-
-
Notifications
You must be signed in to change notification settings - Fork 162
Description
The current GPU Docker image pluja/whishper:latest-gpu uses CUDA 11.8, which is incompatible with newer NVIDIA GPUs from the RTX 50-series (e.g. RTX 5090).
When attempting to use GPU acceleration, transcription fails with the following error:
RuntimeError: cuBLAS failed with status CUBLAS_STATUS_NOT_SUPPORTED
Env
-GPU: NVIDIA GeForce RTX 5090
-Driver Version: 580.82.07
-Host CUDA Version: 13.0
-Docker Image: pluja/whishper:latest-gpu
-Image CUDA Version: 11.8 (PyTorch: torch==2.4.1+cu118)
Analysis
This appears to be caused by the image’s CUDA version (11.8), which does not support the compute capability of the latest RTX 50-series GPUs.

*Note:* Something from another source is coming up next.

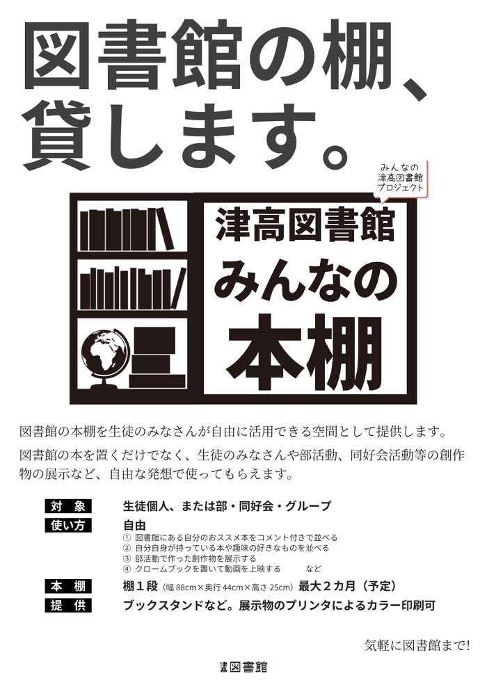 図書館の本を置くだけでなく、生徒のみなさんや部活動、同好会活動等の創作物の展示など、自由な発想で使ってもらえます。
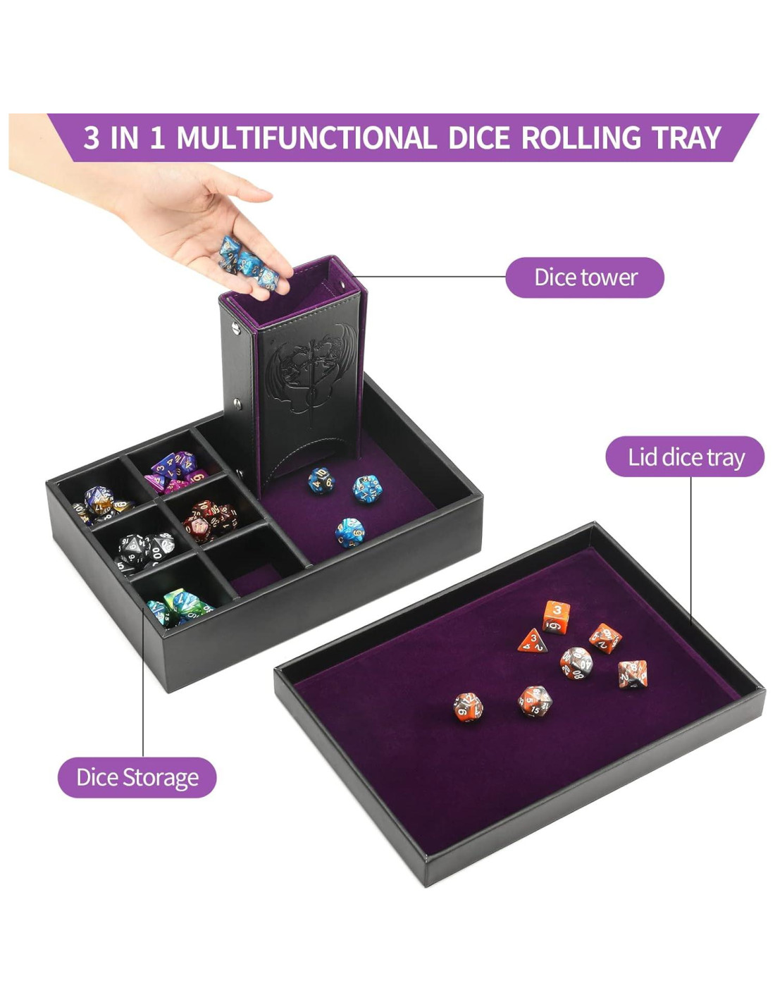 - [Torre de Dados 3 en 1] - El producto consta de tres funciones: bandeja de dados + torre de dados + almacenamiento de dados; fácil de llevar y ahorra espacio. El accesorio perfecto para juegos de DND para viajar, te permite hacer lanzamientos en casa o en movimiento

Other containers using CUDA 12.6 on the same host work correctly, confirming this issue is image-specific rather than a host configuration problem.
Suggested solution
To restore GPU compatibility and performance:
- Update the base image from nvidia/cuda:11.8 to nvidia/cuda:12.6.0-runtime-ubuntu22.04 (or newer if possible).
- Upgrade PyTorch to a CUDA 12.x compatible version (e.g. torch>=2.5.0).
- Verify faster-whisper compatibility with the updated CUDA stack.
GPU acceleration would significantly improve transcription performance, especially on high-end GPUs like the RTX 5090.